What I am looking for in output is perhaps: (i am randomly putting values here)

2000 Instr1[or any sutitable text]: '00000000'
150 Instr1:  '10001100'
120 Instr1: '00100000'
and so on

I think the 'uniq' command should be ok, but I am open to anything.

Thanks in advance.

How about

awk '/^ *$/ {next} {C[substr ($0, 50, 8)]++} END {for (c in C) printf "%4d Instr1: %s\n", C[c], c}' file
   3 Instr1: 00111001
   2 Instr1: 10111011
   2 Instr1: xxxxxxxx
  11 Instr1: 00000000
   2 Instr1: 00000001
   1 Instr1: 00100101
   4 Instr1: 00100111

You may want to change $0 to $2 if you need to count char positions only within the string of binary digits. sort to taste...

1 Like

If I understand your file contents (from your two examples) and assuming that the 1st field in your input is not always Instr1: , you might want to try this slight modification to RudiC's suggestion:

#!/bin/ksh
file=${1:-file.txt}
awk '
!/^ *$/{c[$1 OFS substr($2, 50, 8)]++
}
END {	for(v in c)
		printf("%12d %s\n", c[v], v)
}' "$file" | sort -k1,1nr -k2,3

If file.txt contains you 1st sample (unsorted with blanks lines) and file2.txt contains your 2nd sample (sorted with no blank lines), the above script when invoked without operands produces the output:

           9 Instr1: 00000000
           5 Instr1: 00101000
           2 Instr1: 00000010
           2 Instr1: 00110100
           2 Instr1: 01000011
           2 Instr1: 01001111
           2 Instr1: xxxxxxxx
           1 Instr1: 00100010

and, if it is invoked with the operand file2.txt , produces the output:

          48 Instr1: 11111110
           2 Instr1: xxxxxxxx

This was written and tested using a Korn shell, but will work with any shell that uses Bourne shell syntax and understands the parameter expansions required by the POSIX standards (such as bash , dash , ksh , and zsh ).

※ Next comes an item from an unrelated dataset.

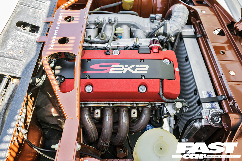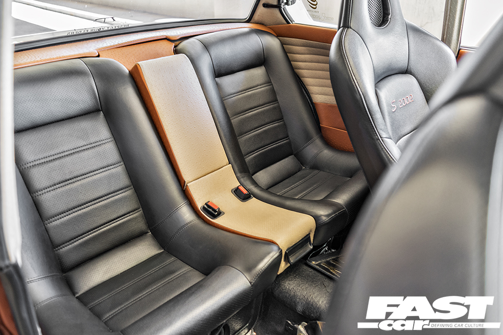 The interior, meanwhile, is an absolute riot and the amount of work that’s gone into it is absolutely mind-blowing. Everything in here is either completely custom or has been transplanted from the S2000 that gave its engine for this project and it all works incredibly well and looks absolutely fantastic. What you immediately notice is that wild leather and the dash, door panels and rear side panels have all been covered in ostrich leather. Yup, genuine ostrich leather, which has been given the same two-tone treatment as the paintwork. Up front you’ll find S2000 seats that have been re-trimmed in black leather while in the back are a pair of custom bucket seats from an E24 635CSi, also trimmed in fresh black hide and new black carpets have been fitted throughout. The carbon and perforated leather steering wheel carries over the carbon theme into the interior while the S2000’s digi-dash is framed by carbon and pale ostrich leather in a custom pod, complete with engine start button. For such a small interior, the amount of work that’s gone into it is amazing and the results are really astonishing, and that’s something you can’t argue with regardless of your stance on ostrich leather. Even the boot floor has been trimmed in pale ostrich leather while the boot-mounted rear brace and battery cage has been finished in Root Beer Brown; that’s the level of attention to detail that has been lavished upon this build and it really helps elevate it to the next level.
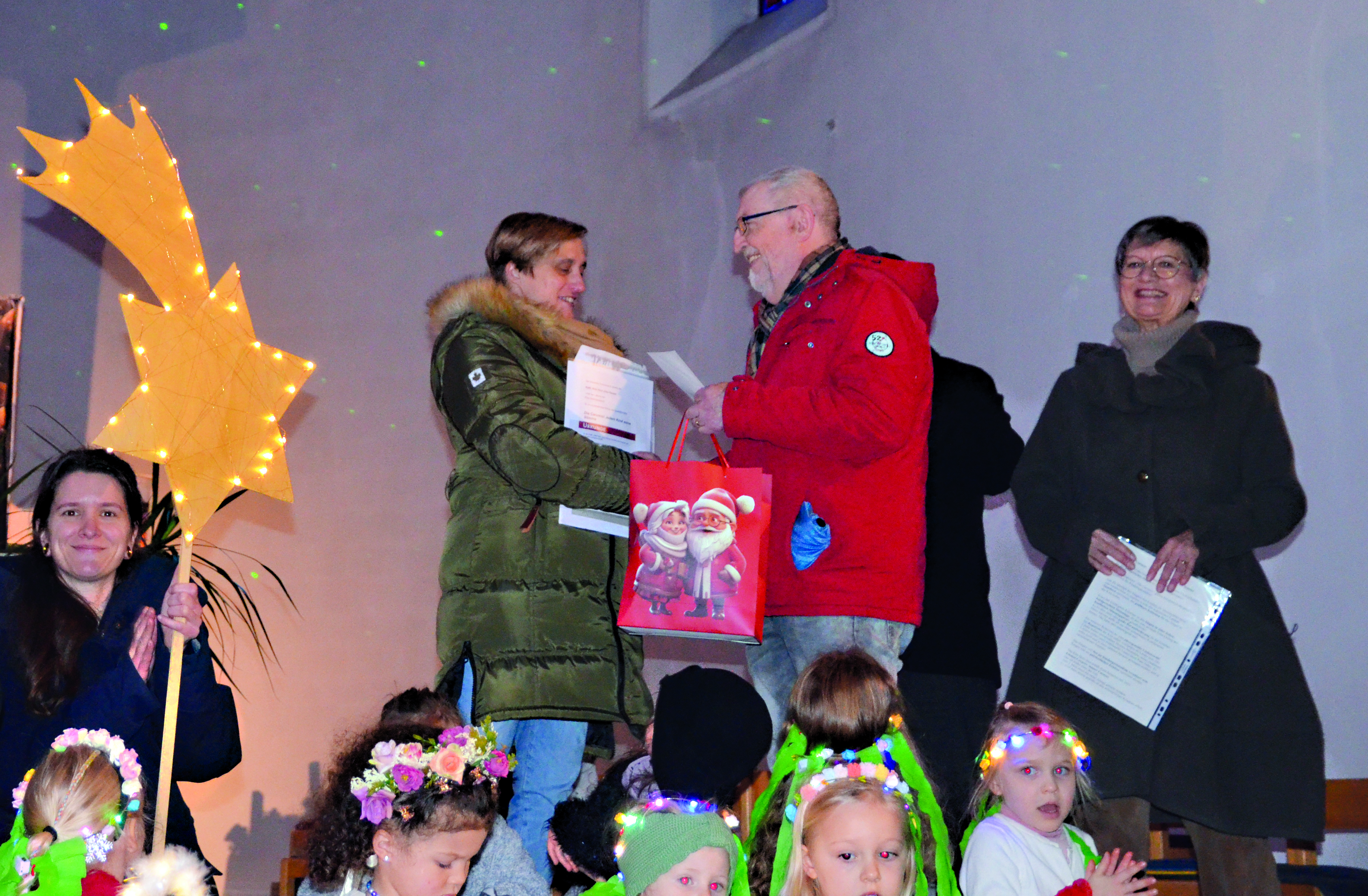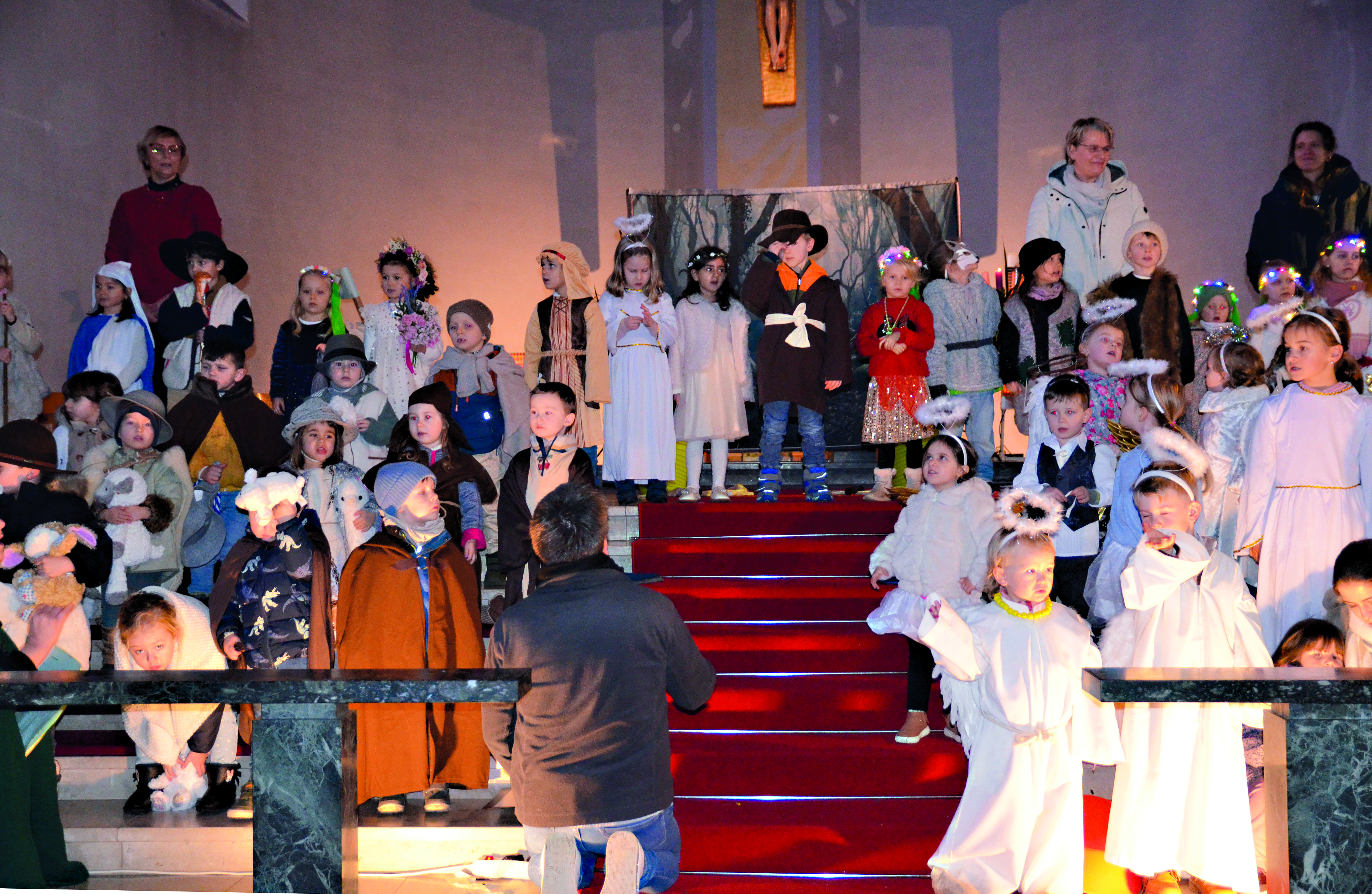 Anschließend spendierte der Förderverein der Kita in der Unterkirche einen Imbiss, bei dem sich alle einig waren, dass diese Weihnachtsgeschichte nicht nur die Kleinen, sondern auch den Großen begeistert hat. Pfarrer Alexander Klein lobte die Kitakinder für ihre Leistung, die Erzieherinnen und Erzieher für ihre Geduld beim Einüben des Stücks. Kitaleiterin Nina Rambaud stellte fest, dass die Kirche noch nie so voll war und dankte den Eltern für die fantasievollen Kostüme. Caruso-Fachberaterin Christa Gillmann hatte das Singspiel oft begleitet.

If you want to try this on a Solaris/SunOS system, change awk to /usr/xpg4/bin/awk or nawk .

1 Like

Is there any way to count from the LSB (Which is start from the right hand side of the binaries in this case)?

Yes, of course. Simple arithmetics. Any idea from your side?

I am assuming simple C[-1] would start from the end of line.

In shell, yes. In awk , sorry, no. Use length function and subtract target position.